======== DATA EXTRACT

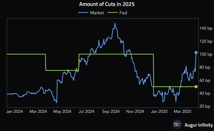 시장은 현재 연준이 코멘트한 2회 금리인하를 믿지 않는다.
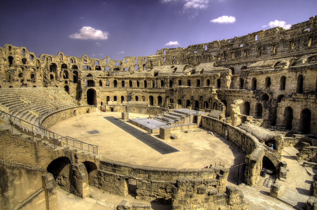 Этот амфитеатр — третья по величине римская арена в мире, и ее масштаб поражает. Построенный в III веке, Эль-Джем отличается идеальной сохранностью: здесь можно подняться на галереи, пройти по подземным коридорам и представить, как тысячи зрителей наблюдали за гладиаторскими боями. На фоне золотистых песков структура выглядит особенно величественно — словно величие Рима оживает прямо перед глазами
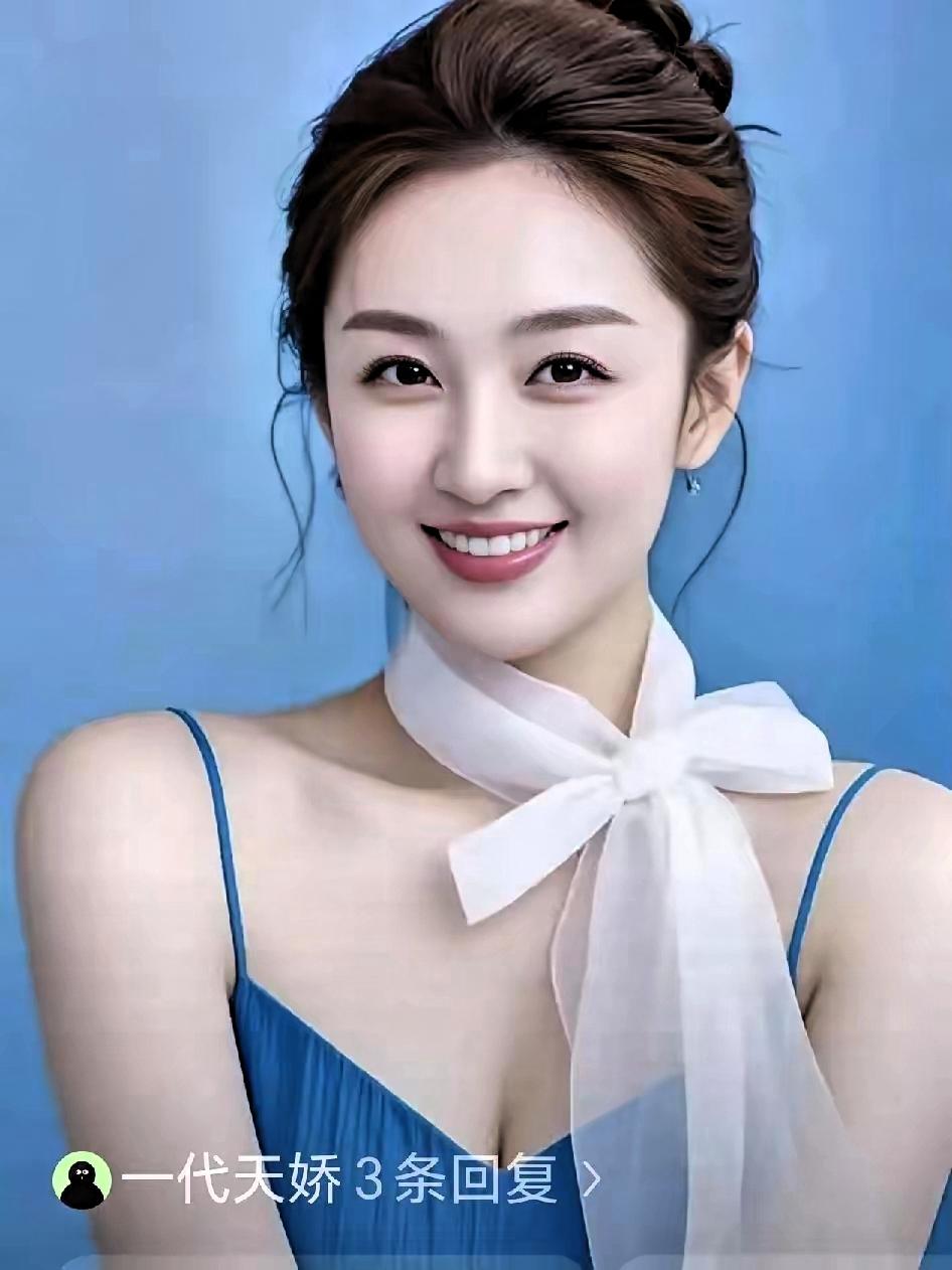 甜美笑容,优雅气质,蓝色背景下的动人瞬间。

================

* TASK OBJECTIVE
Set the listing down exactly, without its pictures.

* RESPONSE AREA
 시장은 현재 연준이 코멘트한 2회 금리인하를 믿지 않는다.
 Этот амфитеатр — третья по величине римская арена в мире, и ее масштаб поражает. Построенный в III веке, Эль-Джем отличается идеальной сохранностью: здесь можно подняться на галереи, пройти по подземным коридорам и представить, как тысячи зрителей наблюдали за гладиаторскими боями. На фоне золотистых песков структура выглядит особенно величественно — словно величие Рима оживает прямо перед глазами
 甜美笑容,优雅气质,蓝色背景下的动人瞬间。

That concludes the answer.